-- Collection entries --
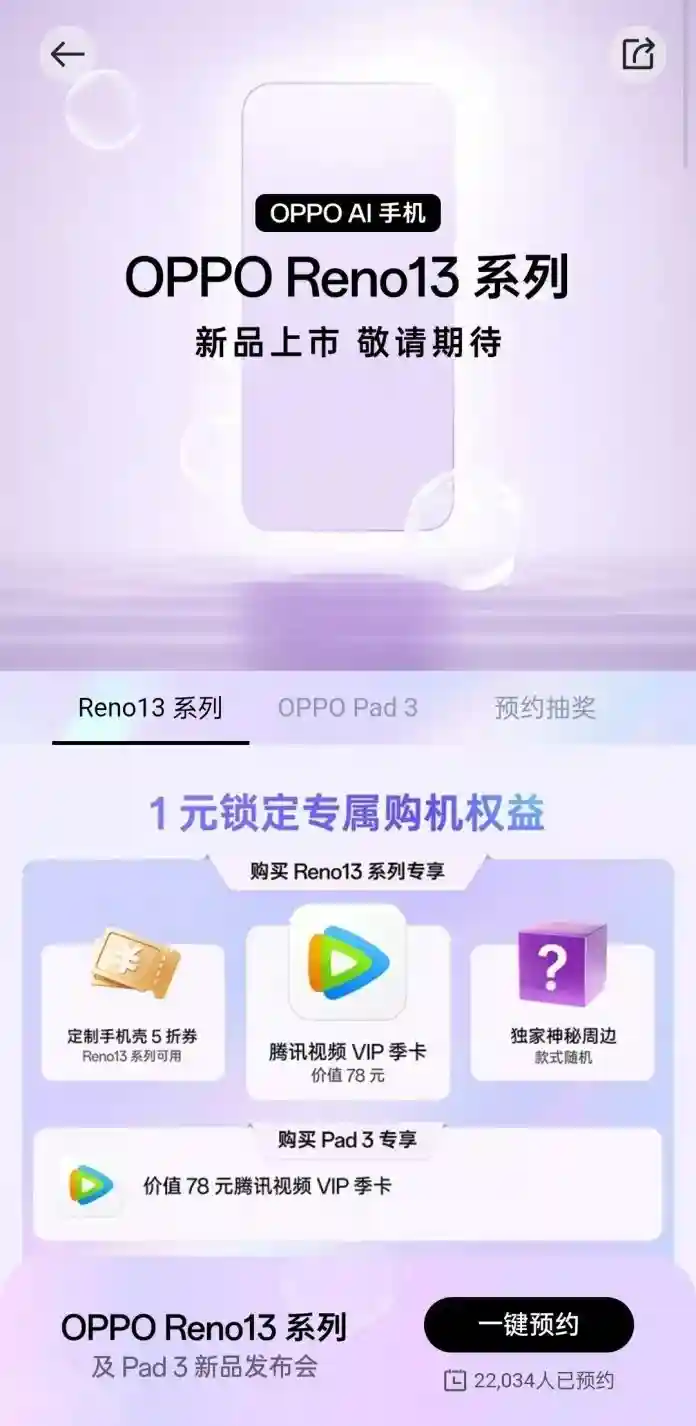 The latest Reno 13 series and Pad 3 devices are said to debut in China on the 25th of November 2024 (Reno 13 series India launch in January 2025), and its pre-reservation went live recently. Some of the exciting benefits that will be offered to customers include a 50% discount voucher for customized phone case at CNY 1, exclusive mystery merchandise, and a seasonal Tencent Video VIP membership for Reno 13 series, and gift box at CNY 29.9, original stylus, and magnetic protective case for the Pad 3.
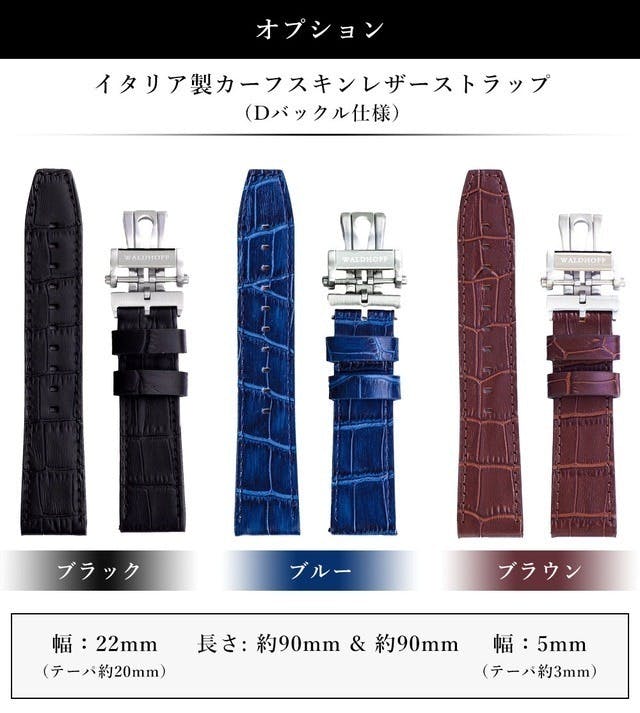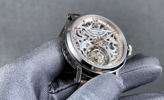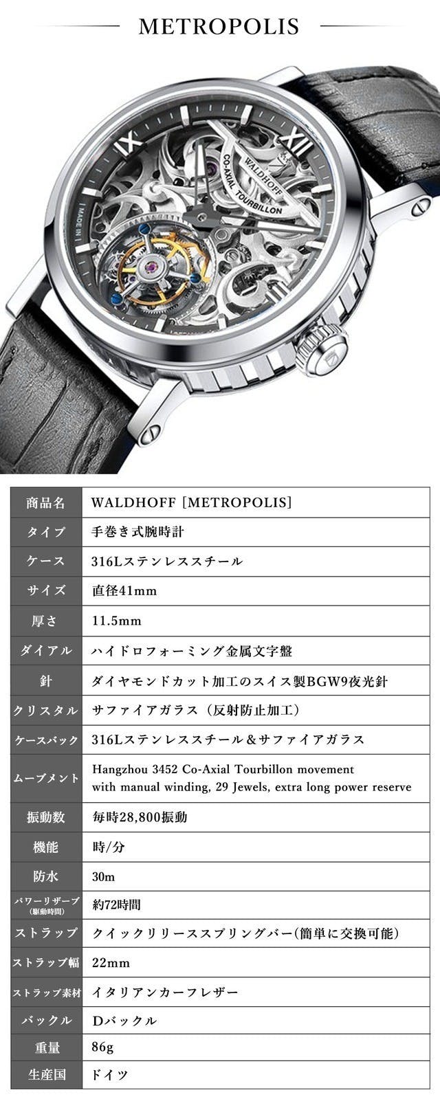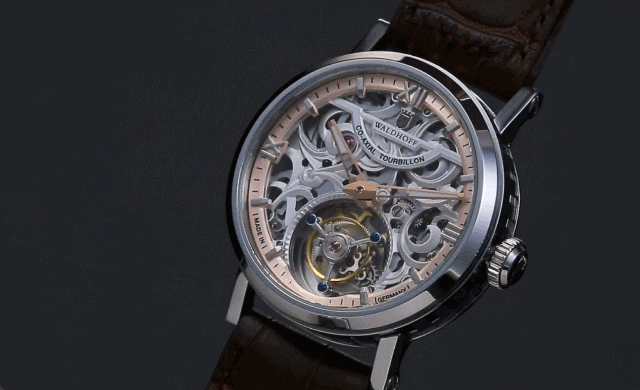 また6時方向にはスケルトン仕様のトゥールビヨンを配し、ドイツ高級腕時計の正統を継ぐWALDHOFFらしい威厳と高級感に満ちた逸品に仕上がっています。
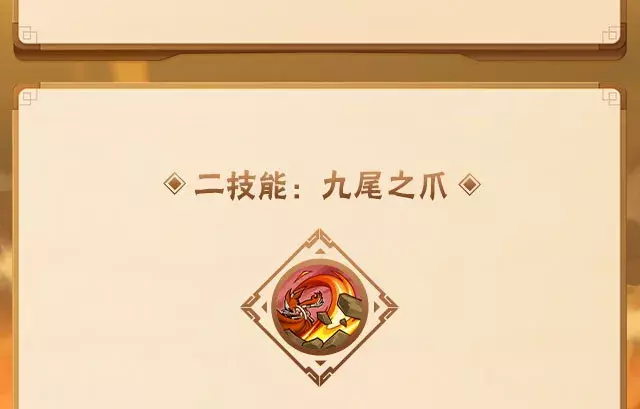 黄条结束前再次点击二技能可释放三段,九尾之爪从地面伸出,举起巨大的石块猛砸敌人,第一下砸中则会将敌人砸进地面,并再连续猛砸两次,若第一下砸空则没有后续。
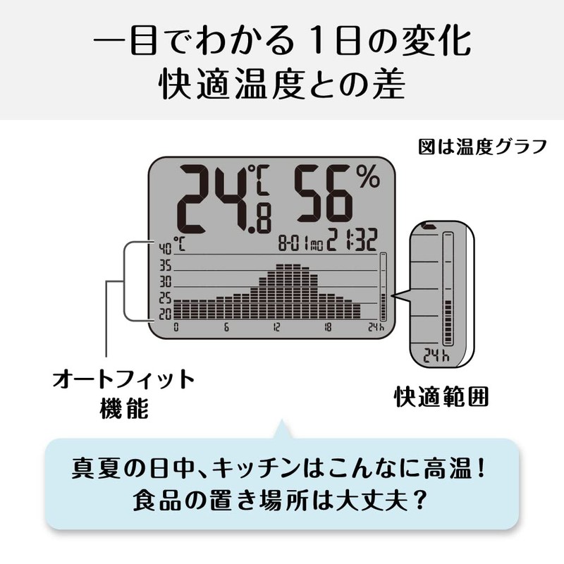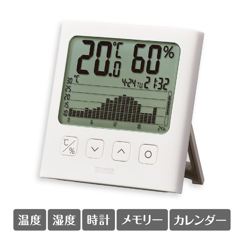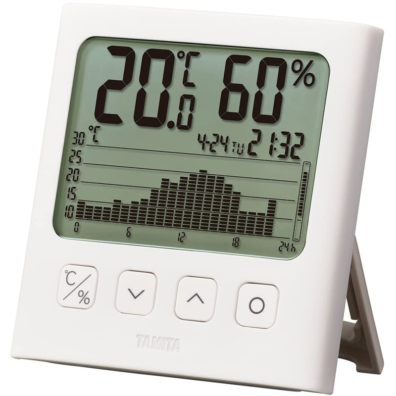 Tanita TT-580 WH Thermometer/Hygrometer, Clock, Calendar, Temperature, Humidity, Digital, Graph, White, Check Temperature and Humidity Changes
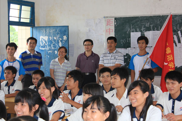 随后,李江凌副院长一行来到外国语学院大学生暑期“三下乡”“梦翔实践队”所在地的白沙第二中学,前去教师休息室、学生宿舍、学生备课教室等地方进行了察看。李江凌副院长一行还走进正在上课的教室仔细聆听,随后对课堂中存在的问题提出了建议。李江凌副院长要求实践队员在讲课中改进传统的授课方式,按照新课程标准的要求,调整教学方法,转变思维方式,把注重老师的讲授到注重学生的自我学习转变,充分调动学生学习的积极性。李江凌副院长一行最后还与白沙第二中学领导老师进行了亲切的交谈。

-- PROBLEM TO WORK ON --
Reproduce exactly the lines of the data above that run from the line with "また6時方向にはスケルトン仕" down to the line with "黄条结束前再次点击二技能可释", both ends included. Pictures do not belong in the copy.

-- TASK ANSWER --
 また6時方向にはスケルトン仕様のトゥールビヨンを配し、ドイツ高級腕時計の正統を継ぐWALDHOFFらしい威厳と高級感に満ちた逸品に仕上がっています。
 黄条结束前再次点击二技能可释放三段,九尾之爪从地面伸出,举起巨大的石块猛砸敌人,第一下砸中则会将敌人砸进地面,并再连续猛砸两次,若第一下砸空则没有后续。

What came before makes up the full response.